Ни много ни мало встретить купеческого сына Парфёна Рогожина, знакомство с которым драматически определит его жизнь, войти в семейство Епанчиных, снять квартиру у Иволгиных, где он тут же попадёт в центр семейного скандала, и оказаться на празднике у Настасьи Филипповны, где сладострастникам предъявляется счёт, а сто тысяч запросто жгут в камине, и наконец узнать, что сам он — миллионер.

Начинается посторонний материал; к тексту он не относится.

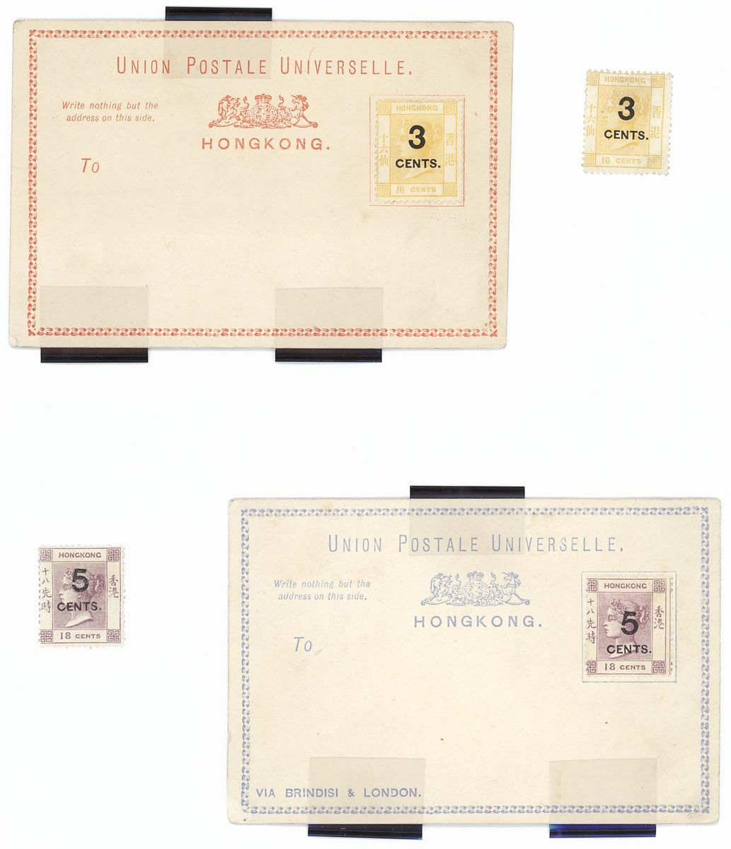 1879 3c. on 16c. yellow (2, unused on red on white card and unused single): 5c. on 18c. lilac (2, unused on blue on white card with "short T" variety and unused single), good to fine. S.G. P1-P2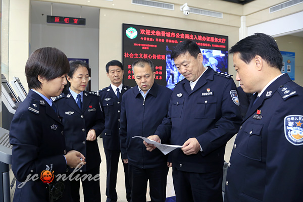 杨景海一行先后深入阳城县公安局、皇城相府景区派出所,阳城国际发电有限公司,晋焦高速公路丹河收费站,市公安局出入境管理大厅、反欺诈中心等地,认真翻阅了治安检查登记台账,详细了解辖区经济社会发展、社会治安秩序等情况,督导检查1+8行动各项措施落实情况。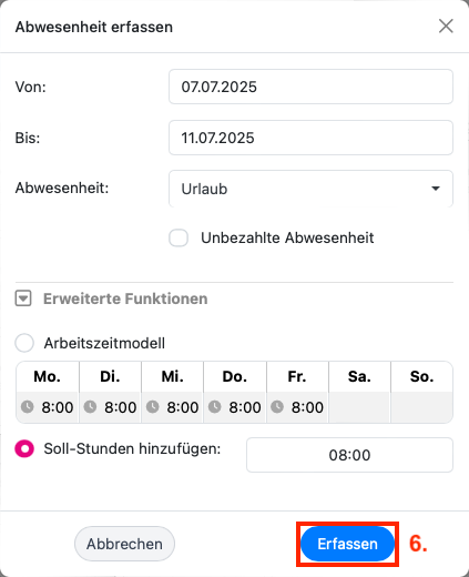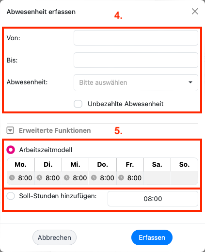 5. Unter den erweiterten Funktionen wählen Sie entweder ein hinterlegtes Arbeitszeitmodell oder ggf. die Stundenanzahl, die Sie normalerweise arbeiten würden, aus.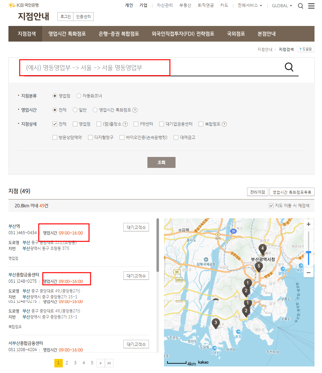 내가 원하는 지점의 영업시간을 정확하게 확인하려면 아래의 지점안내에서 영업점을 입력하면 아래의 사진과 같이 영업시간을 확인할 수 있습니다.
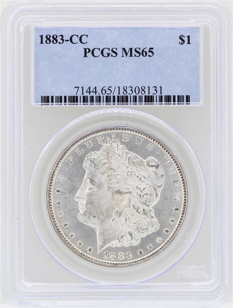 One 1883-CC $1 Morgan Silver Dollar Coin PCGS MS65. PCGS Graded.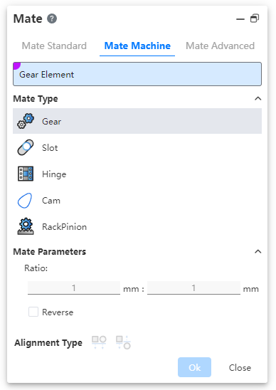 Mate commands are used to create coincident, parallel, perpendicular and other geometric relationships between assembly components, and to move components within their degrees of freedom. Its command interface is as follows: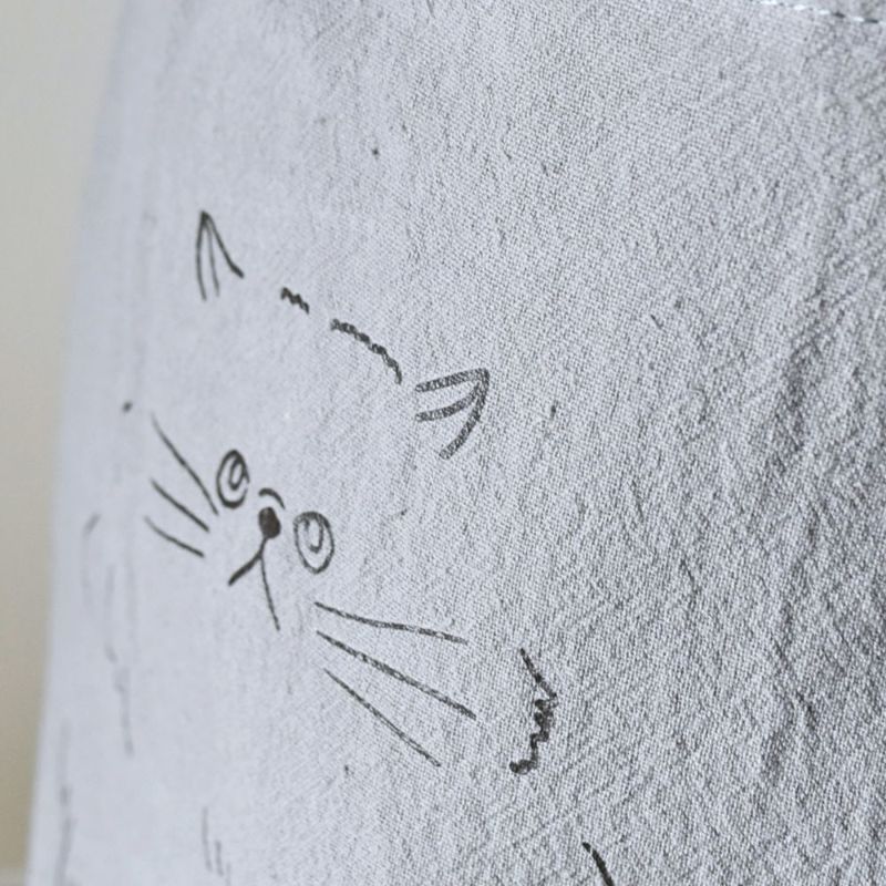 少し持ち運ぶときに便利なハンドル付きで、表生地はやわらかい綿生地を使用。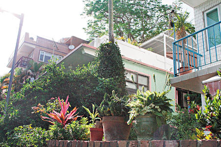 寶華園范圍相當廣寬,從碼頭一直伸延到一個小山丘之上,以及山丘的另一邊,有近一百座村屋,依山勢而建,每幢樓高兩至三層不等,樓齡超過三十年。位于榕樹灣的寶華園,可算是南丫島中部最大的村屋群之一,三面環海,景致怡人,是名副其實背山面海的“靚屋”。從碼頭往返寶華園的居民,起碼有五成是外籍人士。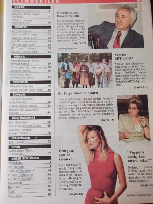 Nokta Dergisi - 5 Temmuz 1987 - Adnan Başer Kafaoğlu - Bir PKK öyküsü - Yeni bir MİT'e doğru - İsmail Cem - İnci Baba Yeddiemin - THK'da özel işlem - Semra Özal - Kontrgerilladan NATO komutanlığına - Yunanistan'da basın savaşı - Militanın ölümü - Milyarlık diskotek - Dalan devlete borç verdi - Birleşmiş Milletler misyonerleri - Halkla İlişkiler atakta -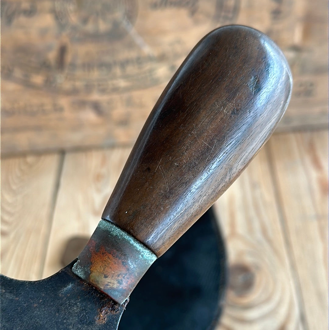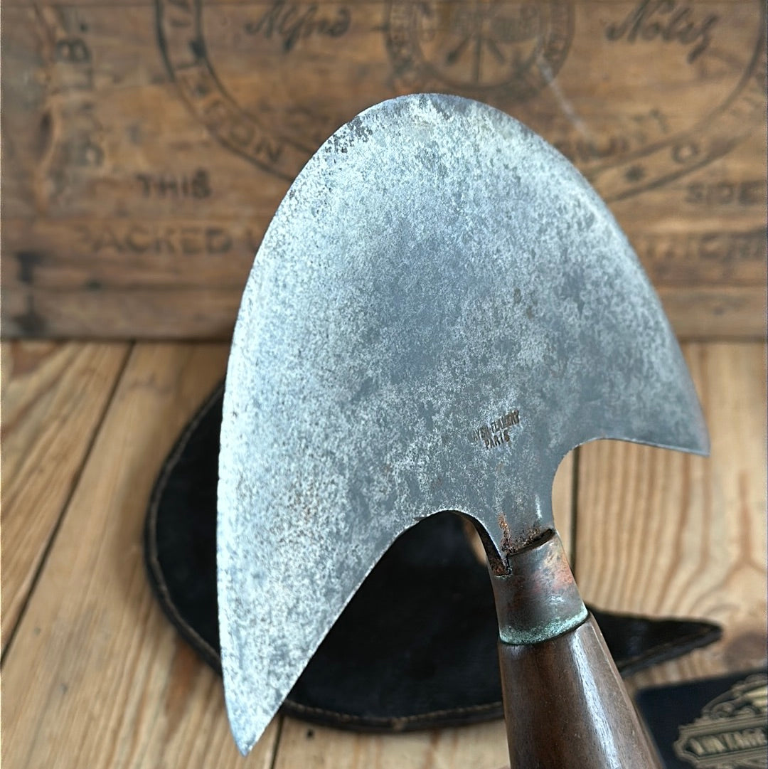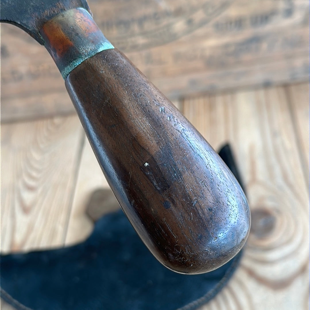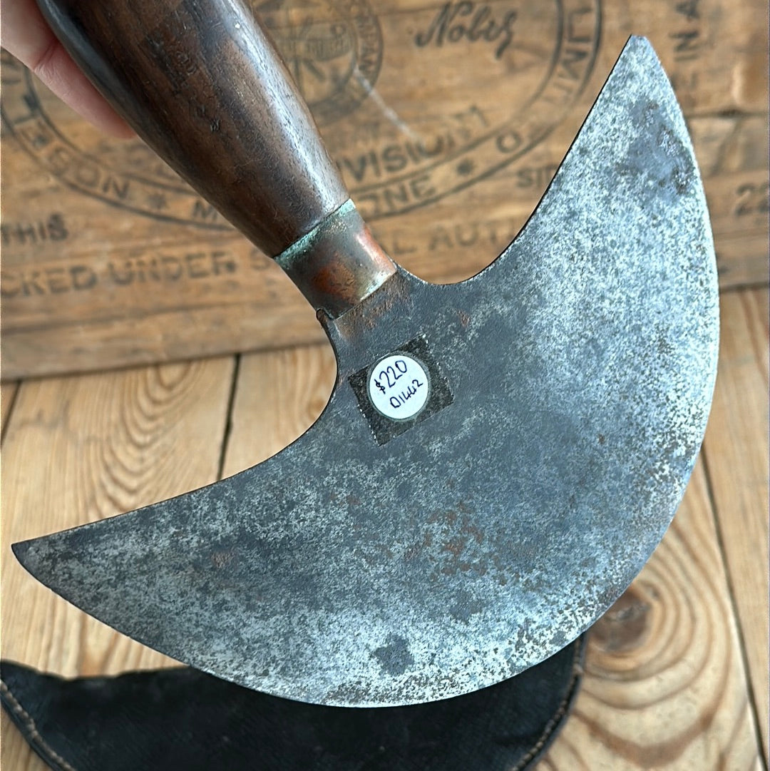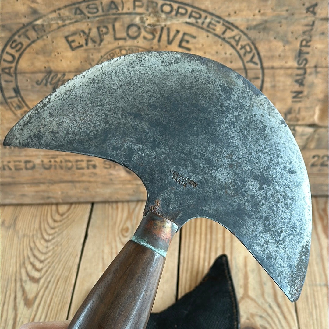 Up for sale is a vintage large 1/2 moon LEATHERWORK / SADDLERS KNIFE with a CARBON STEEL blade & a cool HANDLE fashioned out of FIGURED WALNUT & with a brass ferrule.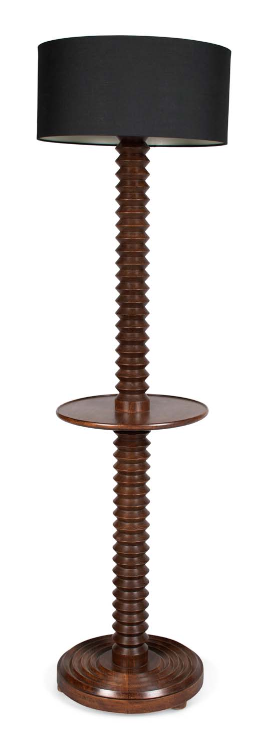 turned 'serrated' column with circular shelf spacer on fluted circular base, black cylindrical shade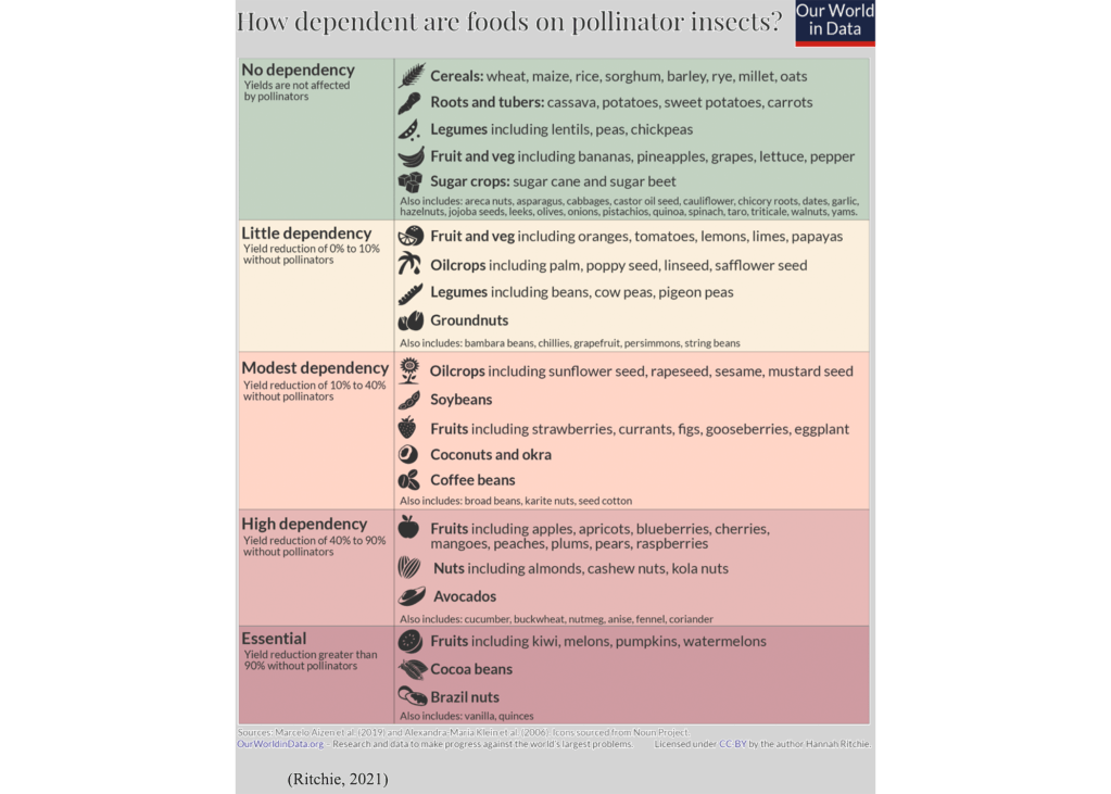 For centuries, humans have been interacting with bees with documentation from religious scriptures, mythology, iconography, and even in the stars of cosmology. In Greece, bees are considered an emblem for immortality (Hung, 2018). In 19th century eastern America, Telling the Bees was a tradition amongst beekeepers who would verbally inform their bees of any major event, possibly as an omen of good luck (Hung, 2018). In agriculture, the Western honeybee ranks as the most frequent pollinators for crops globally, helping other animal pollinators pollinate around 88% of all flowering plants (Hung, 2018). Of the 55 bee species managed by humans, a mere 12 species are specialized for crop pollination. Moreover, bees visit more than 90% of the world’s top 100 crops. (Patel, 2021). American crops such apples, cranberries, melons, almonds, broccoli, cherries, and blueberries all had yield reductions up to 90% without animal pollinators such as the Western honeybee (Ritchie, 2021).

Рядовому человеку столько приключений и в пять лет жизни не выпадает, но Мышкин — герой романный. К тому же, Достоевскому нужен стремительный бег сюжета, эта спрессовыванность действий — он раскачивает читателя на качелях, не даёт ему отдыха, чтобы тот скорее погрузился в сомнамбулический бред и не успел от него очнуться до финальной главы. Так взахлёб можно читать детектив, бульварное чтиво, но не роман о «положительно прекрасном человеке» — то ли неврастенике, то ли святом (или обоих вместе взятых, как в «Идиоте»).
Достоевский использует «низкие» приёмы и театральные эффекты, играет на интересе читателя к теневым сторонам жизни и тут же расставляет экзистенциальные ловушки: Мышкин, ведомый то ли альтруизмом, то ли безумием, вновь и вновь пытается помочь «обычным» людям, светские интриги которых заканчиваются «хорошею, американскою клеёнкой».